(Saved entries)
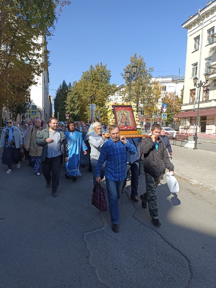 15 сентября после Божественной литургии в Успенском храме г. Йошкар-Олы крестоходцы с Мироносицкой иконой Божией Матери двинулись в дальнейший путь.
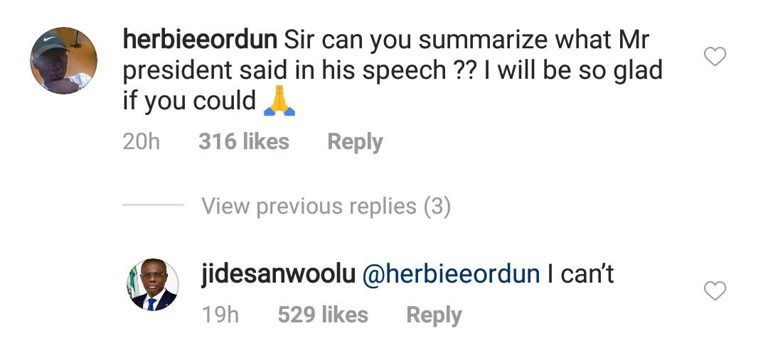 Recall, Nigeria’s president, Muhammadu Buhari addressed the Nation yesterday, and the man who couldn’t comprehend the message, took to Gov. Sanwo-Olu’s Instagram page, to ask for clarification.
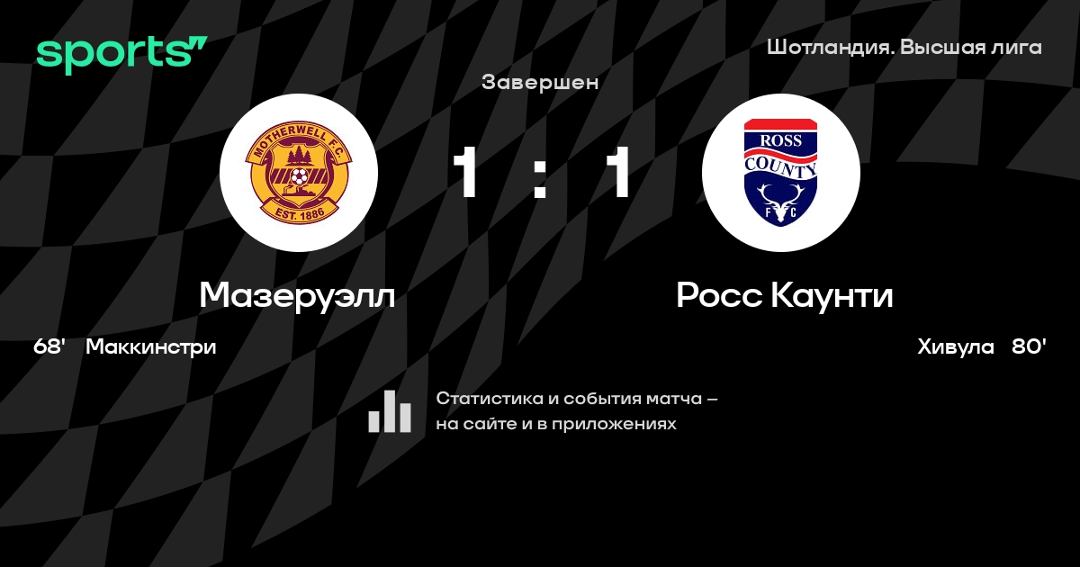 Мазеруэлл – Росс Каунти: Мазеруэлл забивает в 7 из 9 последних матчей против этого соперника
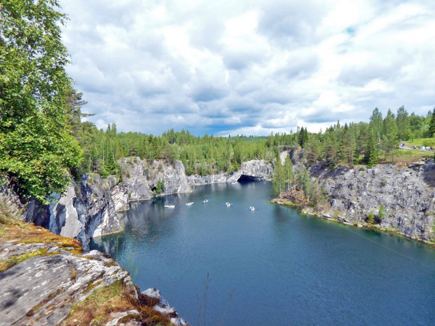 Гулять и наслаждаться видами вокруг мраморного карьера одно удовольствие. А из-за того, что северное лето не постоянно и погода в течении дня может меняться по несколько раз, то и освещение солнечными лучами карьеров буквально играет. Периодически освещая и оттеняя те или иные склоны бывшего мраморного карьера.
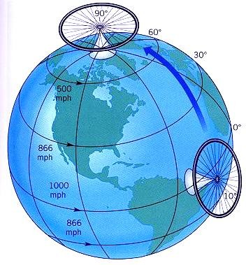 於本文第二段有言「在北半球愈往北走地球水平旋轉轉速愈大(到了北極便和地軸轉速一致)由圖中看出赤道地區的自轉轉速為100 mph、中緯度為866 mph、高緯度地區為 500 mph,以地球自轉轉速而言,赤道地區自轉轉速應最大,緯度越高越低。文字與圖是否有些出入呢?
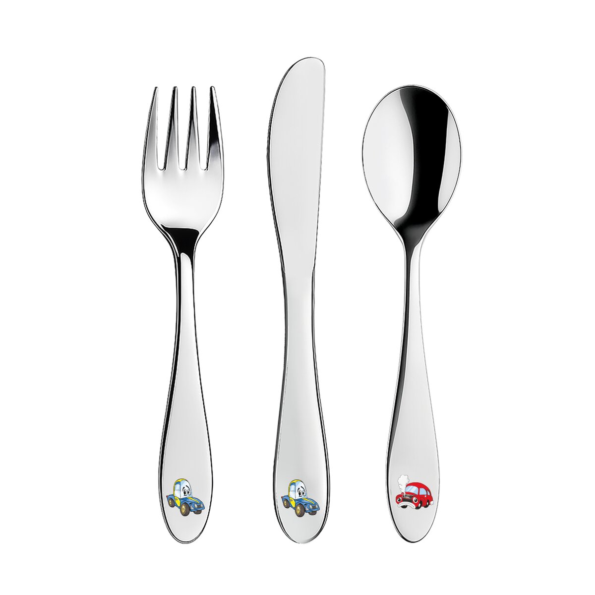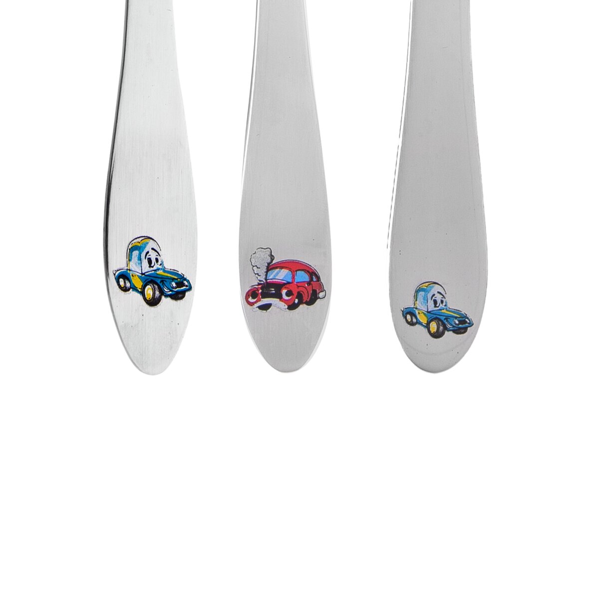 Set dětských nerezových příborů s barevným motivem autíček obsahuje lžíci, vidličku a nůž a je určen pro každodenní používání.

Problem requirements
The images in the entries above should be left out; please reproduce exactly the lines from the first through the one containing "Recall, Nigeria’s president, Muhammadu".

Completed exercise
 15 сентября после Божественной литургии в Успенском храме г. Йошкар-Олы крестоходцы с Мироносицкой иконой Божией Матери двинулись в дальнейший путь.
 Recall, Nigeria’s president, Muhammadu Buhari addressed the Nation yesterday, and the man who couldn’t comprehend the message, took to Gov. Sanwo-Olu’s Instagram page, to ask for clarification.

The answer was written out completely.